To do so, Balfour Beatty is navigating some particularly rough waters. For starters, we are working shoulder-to-shoulder with two other contractors—which is not surprising for an urban, Brownfield site, until you consider that it is also bordered by the Washington Channel of the Potomac River, a downtown traffic artery (Maine Avenue SW), two construction sites and a public parking lot. Translation: everyone needs access to what scant real estate exists, often at the same time. A mere 10 feet separates the East side of 1000 Maine from neighboring construction crews, and on its opposite end, our Fish Market team is busy overseeing this challenging, 31,000-square-foot project. What’s more, Balfour Beatty assumed vertical construction responsibilities for 1000 Maine after another contractor built out its subterranean garage. In just 24 hours, the garage crane was dismantled and ours erected within the same pad. Before pouring the first cubic yard of concrete, our team knew we’d be packed into the site like New Yorkers in the subway.
From the outset, these complex site conditions shaped our strategy. Decisions such as including offsite storage in the subcontractor buy-out plan primed the team for success on 1000 Maine, as has conducting in-person shop reviews of all key project elements with the owner and architect before materials arrive onsite. This process was especially important on the building’s high-end unitized curtainwall system. Elements from this terracotta-punctuated showpiece are shipped from the far corners of the earth – Korea, Germany and Spain – to Vancouver, Canada, where units are assembled and subsequently transported to the site for prompt installation.

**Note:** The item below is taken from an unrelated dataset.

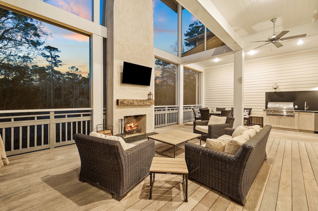 DETAILS: Welcome to 102 Vermillion Way, a beautiful 4-bedroom, 4.5-bathroom WaterColor home sleeping 12 guests. Paddle across sparkling Western Lake or take a leisurely bike ride to the sugar-white sand beach. Guests enjoy all the amenities of this resort-style community, including tennis courts, community pools, and the famous WaterColor Beach Club! Designed for coastal living, spend quiet evenings around the outdoor fireplace and grilling in the Summer kitchen.

In a city known for gridlock, it’s no surprise that there are strict rules regarding traffic management. The construction crew is prohibited from closing either of the adjacent traffic lanes during rush hour, which makes delivery schedules all the more tight. “Each truck has to hit the jobsite perfectly,” affirms Josh Goldfarb, 1000 Maine project superintendent. As a further space-saving mechanism, many crane picks are planned directly off the street.
Beyond these clever tactics to approach logistics, Balfour Beatty’s work on the Fish Market requires careful public safety coordination. One of owner Hoffman-Madison Waterfront’s key goals was to ensure that construction activities at no point obstruct consumers’ access to the Fish Market, which first opened its doors in 1805. As such, part of Balfour Beatty’s responsibilities include maintaining 50 surface parking spaces. With the public coming into such close proximity to an active construction site, our team updates site logistics plans on a weekly basis that are distributed via the owner to Fish Market tenants. It is with this deep responsibility to ensure the safety and well-being of each individual who comes into contact with the project site that Balfour Beatty approaches this landmark project.
Perhaps the greatest—and definitely the most unusual—example of The Wharf’s extreme site constraints is the location of Balfour Beatty’s construction trailer. Initially, the teams explored the idea of building out their command central in 1000 Maine’s basement. Other less-than-efficient options would have required staff to travel as far as half a mile away. Ultimately, the teams decided to lease a barge and dock it to the pier. “We really love the barge. It has increased collaboration between our 1000 Maine team and the Fish Market team,” affirms Mike Smith, project manager for 1000 Maine. “From the possibility of no daylight to having some of the best views in the city, this move was a win all around.”
While many construction projects in densely packed urban areas involve logistical challenges, few have the unique combination that our teams at The Wharf face. For a development that boasts clear lines of sight to the Washington Monument, Jefferson Memorial and the Capital Building, it seems only fitting that construction is not a routine exercise and instead one that demands the very best—yes, even a historic effort—from its builders.